Do Hormones Reduce the Risk of Miscarriage?

In one study, giving the hormone progesterone to women who have had a miscarriage and experience bleeding early in pregnancy may increase their chances of having a baby.

Birmingham researchers did a study of 4,000 pregnant women. Samantha Allen, 31, experienced the same situation again when she lost her first baby and then during her second pregnancy.

After using the hormone for eight weeks, she gave birth to her son, Noah.

Progesterone is a hormone necessary during pregnancy – to protect the uterine lining where the embryo is implanted and to support the immune system.

Samantha was given the hormone progesterone for the trial, which she took twice a day until she was 16 weeks pregnant.

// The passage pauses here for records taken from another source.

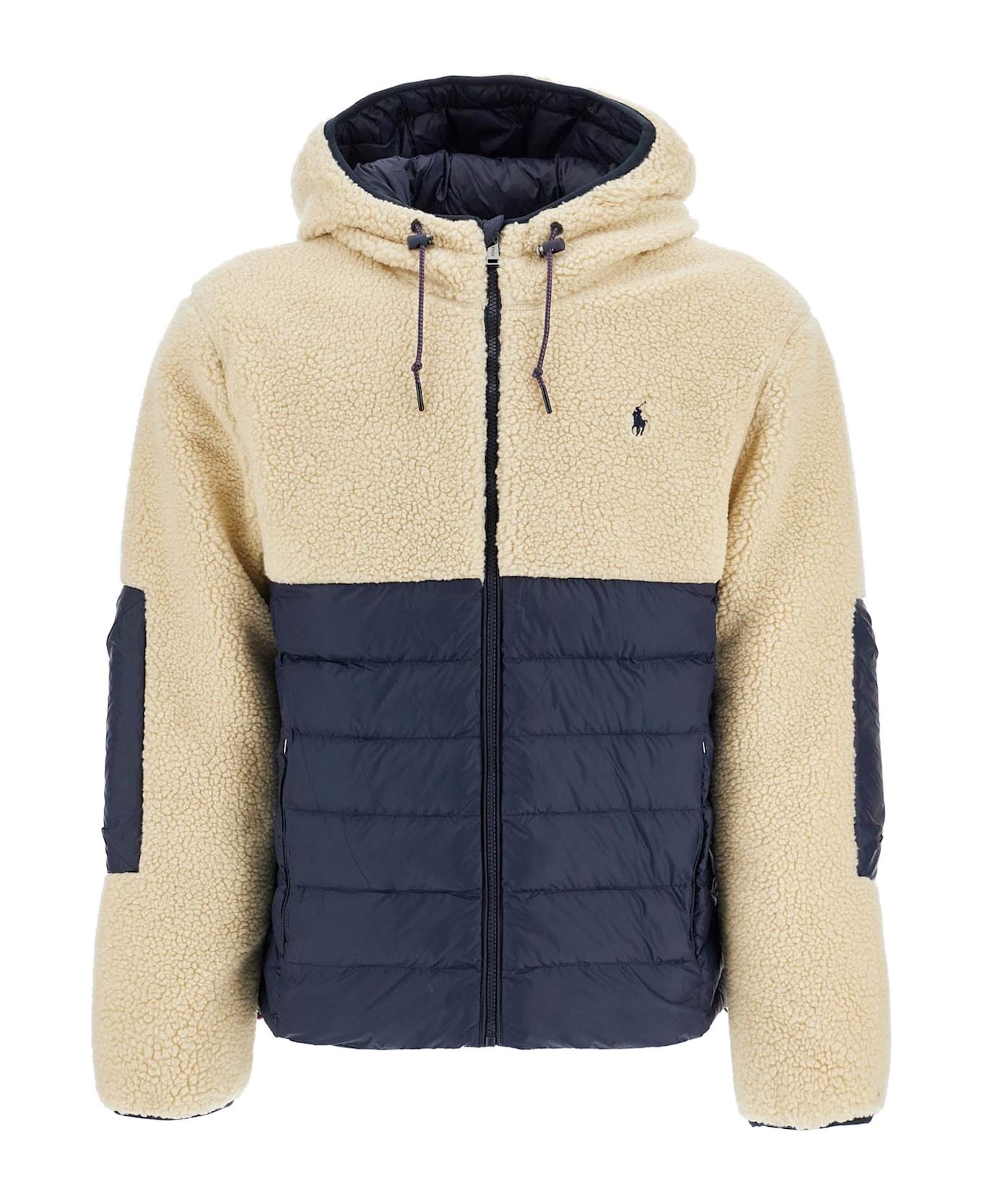 This lightweight hybrid jacket from Polo Ralph Lauren combines a soft fleece with quilted, recycled nylon taffeta and is padded with recycled synthetic fibers. The design features a zip closure, drawstring on the hood and hem, front pockets with zip closures, elasticized cuffs, and nylon patches on the elbows. Lined, with a short and regular fit. The model is 182 cm tall and wears size L.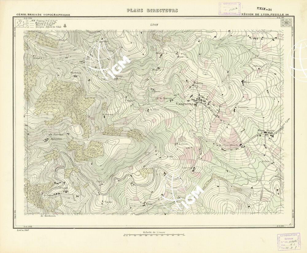 Paris. – Service Géographique de l'Arme 1914-1918. – Questi piani sono stati allestiti durante la guerra mondiale da i "Groupes de Canevas de Tir aux Armées". Su di essi venivano riportate le sistemazioni difensive amiche e nemiche e le varie opere militari. Nelle regioni in cui esistevano le carte alla scala 1:10.000, provenienti da rilievi diretti, queste costituivano la base dei plans directeurs, mentre altrove essi erano dedotti dai piani catastali al 10.000 inquadrati nelle reti dei punti trigonometrici, introducendo per la rappresentazione dell'orografia le linee di livello ricavate dall'ingrandimento dei rilevamenti alla scala 1:40.000. Poichè con tale sistema non si aveva una esatta rappresentazione del terreno, a cura dei "Groupes de Canevas de Tir" fu provveduto, in molte zone, all'esecuzione dei rilievi regolari alla scala 1:10.000. Di tali piani esistono diverse edizioni con formato variabile: una edizione in nero con orografia rappresentata a curve di livello all'equidistanza di m.5 con quadrettatura chilometrica-sistema Lambert; altre edizioni: in nero con curve di livello in bistro, e policrome, sono senza quadrettatura.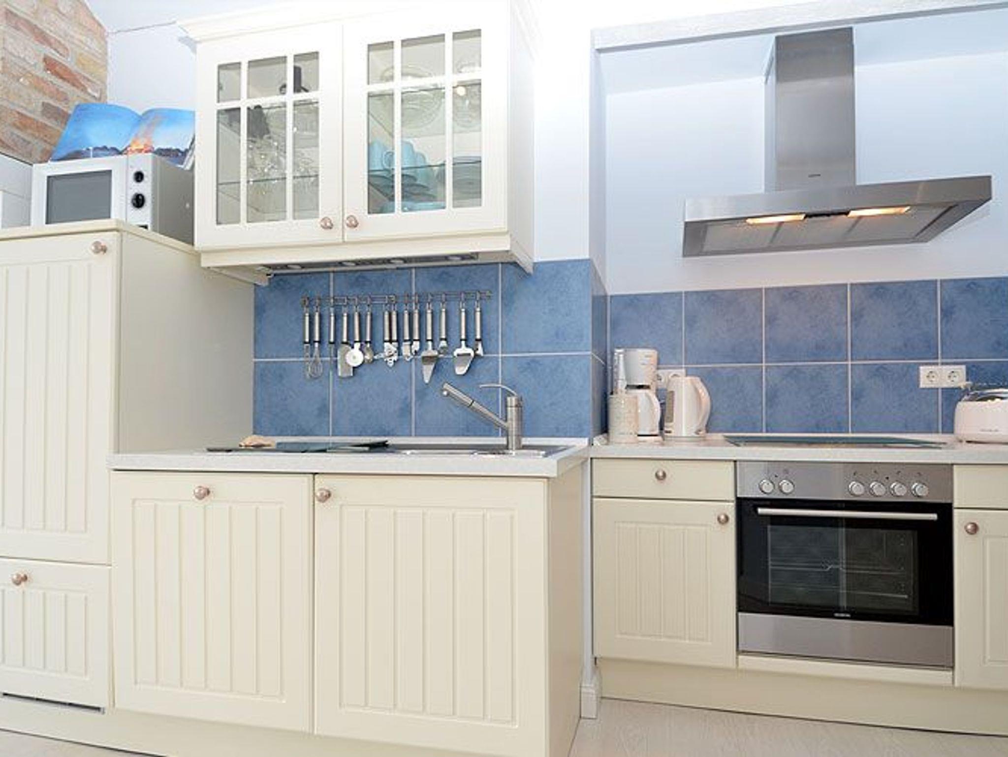 Die Landhausküchenzeile lässt keine Wünsche offen. Hier finden Sie einen Kühlschrank mit Gefrierfach, einen Backofen, ein 4 Platten-Ceranfeld, eine Spülmaschine, sowie Mikrowelle, Toaster, Mixer, einen Eierkocher und diverses Kleininventar, das die Küchenausstattung komplettiert. Der JURA-Kaffeeautomat sorgt auf Knopfdruck für Kaffee satt.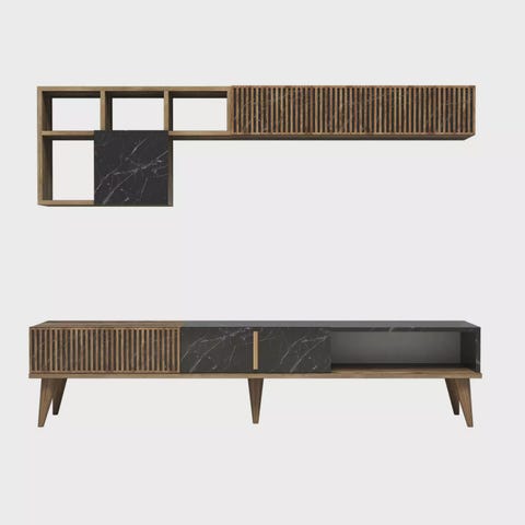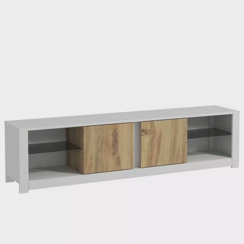 Nosta asuintilaasi upealla tv-telineelläMuunna olohuoneesi tyylikkääksi ja hienostuneeksi turvapaikaksi poikkeuksellisella tv-telineellämme. Tämä hieno huonekalu, joka on suunniteltu tekemään vaikutuksen, kohottaa tilasi ilmapiiriä välittömästi ja luo lämpimän ja kutsuvan ilmapiirin, josta sinä ja rakkaasi voitte nauttia. Vertaansa vailla oleva laatu ja kestävyysTelevisiotelineemme on valmistettu äärimmäisen tarkasti ja huolellisesti 100-prosenttisesti melamiinipinnoitetusta lastulevystä, mikä takaa vertaansa vailla olevan laadun ja kestävyyden. Tämä ensiluokkainen materiaali takaa, että tv-telineesi kestää ajan testin ja pysyy yhtä upeana kuin sinä päivänä, kun toit sen ensimmäistä kertaa kotiin. Täydellinen yhdistelmä eleganssia ja toiminnallisuutta Tyylikkään ja modernin muotoilunsa ansiosta tv-telineessämme yhdistyvät vaivattomasti eleganssi ja toiminnallisuus. Täydellinen yhdistelmä muotoa ja tarkoitusta, tässä jalustassa on tilava pinta televisiollesi ja samalla runsaasti säilytystilaa medialaitteillesi, dvd-levyille ja muille välttämättömille tavaroille. Sano hyvästit sekaville kaapeleille ja sotkuisille viihdekeskuksille!Aesthetic appeal that transcends timeValkoisen ja tammen värin ajaton yhdistelmä tekee tv-telineestämme monipuolisen lisän mihin tahansa sisustukseen. Olipa tyylisi sitten nykyaikainen, perinteinen tai jotakin siltä väliltä, tämä jalusta sulautuu saumattomasti ja parantaa elintilasi esteettistä kokonaisuutta. Tekniset tiedot:Materiaali: Materiaali: 100 % melamiinipinnoitettu lastulevyPaksuus: 18 mmLeveys: 183. 6 cmKorkeus: 140 cmSyvyys: 31,7 cmVärit: Valkoinen ja tammiInvestoi tv-telineeseen, joka mullistaa olohuoneesi. Koe tyylin, toiminnallisuuden ja kestävyyden täydellinen tasapaino. Tilaa nyt ja vie kotiviihteesi uusiin ulottuvuuksiin!

She said her bleeding stopped within a week of starting the trial and the pregnancy was progressing very smoothly.

It is now hoped that women who have miscarried will benefit more.

Miscarriage affects one in five women, and vaginal bleeding in early pregnancy can increase the risk of miscarriage.

With progesterone previously used in IVF treatment, Samantha said she had no fears about taking part in the study.

“I am happy to participate. I didn’t feel it was risky because it wasn’t an early try.”

The University of Birmingham study, published in the New England Journal of Medicine, included a group of nearly 2,000 pregnant women given progesterone, while another group of the same number were given a placebo or dummy pill.

All Women Have Experienced Bleeding in Early Pregnancy

Although the study has shown that women with premature bleeding may not be helped by taking hormones, the benefit is substantial for women with a history of recurrent miscarriages (three or more).

There was a 15 percent increase in live birth rates among these women – 98 out of 137 women will have a baby, compared with 85 out of 148 in the placebo group.

Arri Coomarasamy, a women’s and gynecologist consultant working at the Birmingham Women’s and Children’s Hospital, said the treatment could save the lives of thousands of babies.

“We hope this evidence will be evaluated by the National Institute for Health and Care Excellence and used to update national guidelines on women at low risk,” she said.

Right now, when women experience potentially miscarriage, “there’s nothing we can offer them,” she says.

However, she said the treatment won’t work for all women who have had a miscarriage because there are many complex reasons why a miscarriage can occur.

He added that only women who have a problem with progesterone may benefit.

Jane Brewin, CEO of Abortion Charity, Tommy said: “The results of this study are important to parents who have experienced miscarriage; It now has a robust and effective treatment option that will save many lives and prevent too much heartbreak.”

“It gives us confidence to believe that more research will lead to more treatments and ultimately make more mistakes preventable.”